TEMPLATE: ES6 | Version Control | NPM | PlayCanvas

Oh your url has two ? in it

You need the second to be an &

i may not be attaching the loading screen 2_0 script correctly.
Not sure if its even running, its currently just sitting in the project folder, and not in the scene. I had attached my test.js script to an entity so this explains why it was being loaded via pc.
Should putting its loading order before build.main.js be enough to load the changes?

Ok so thereā€™s a project setting for the loading screen. You need to set that to be your loading_screen.

And you definitely only want one ? in the url

I am on an Org account yes.
Ok i see the option is in settings. Now im getting a lot of HTTPS errors on the loading_Screen script refusing to connect to localhost:8081 over HTTP

=true&local=http://localhost:8081' was loaded over HTTPS, but requested an insecure script 'http://localhost:8081/main.build.js?id='. This request has been blocked; the content must be served over HTTPS.

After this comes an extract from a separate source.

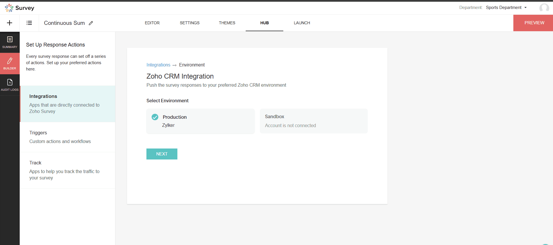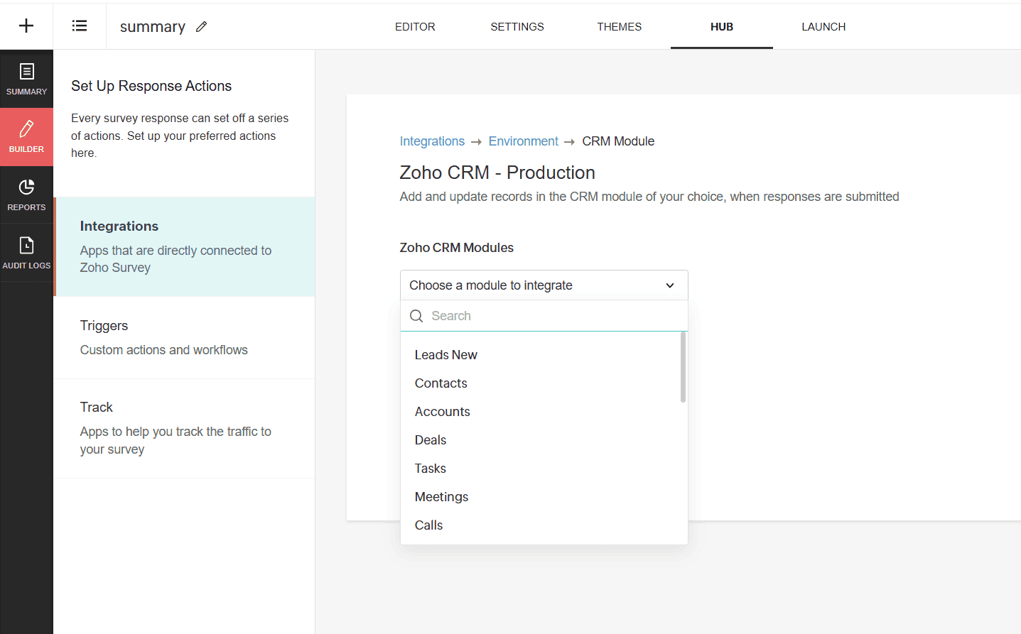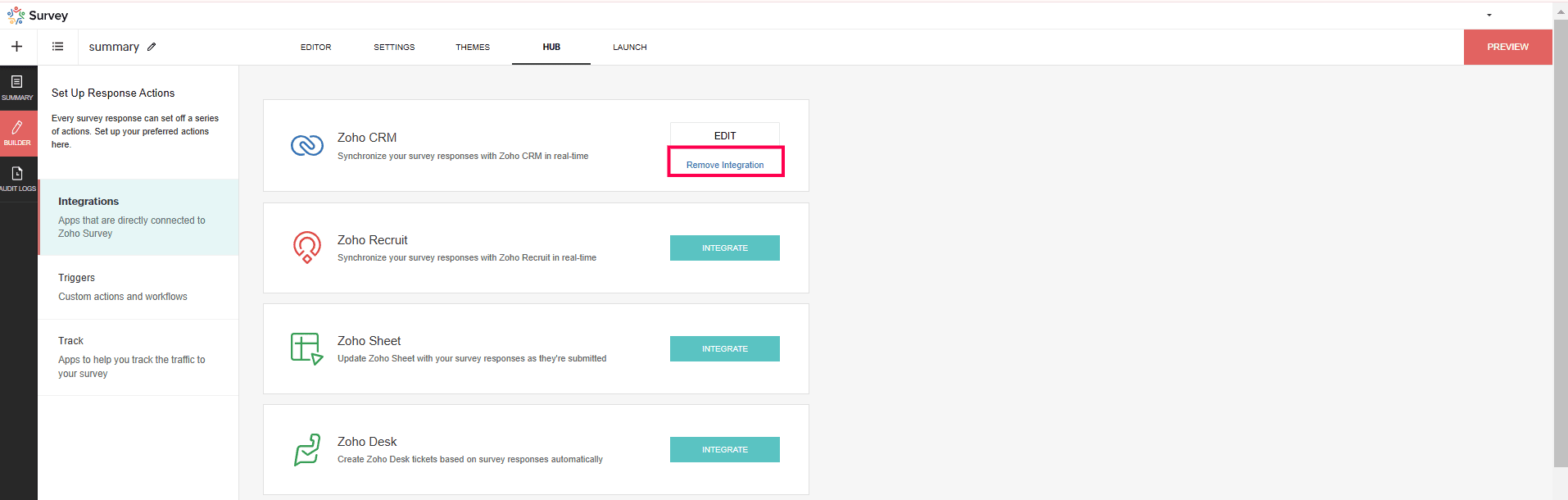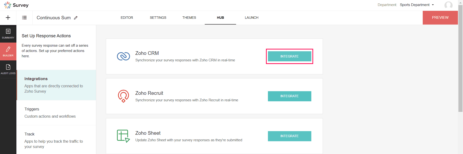 Navigate to the Hub>Integrations from survey builder, then click INTEGRATE for Zoho CRM.

Yes it needs to be HTTPS and you need to follow the instructions about allowing it from https (browser to the file, tell it to go to the site anyway - or make a proper localhost self signed cert).

Or I guess you can host playcanvas and it both on HTTP. Not sure if thatā€™s still supported on PC if you just change the url.

I was originally just running them both on http, and still getting a https error.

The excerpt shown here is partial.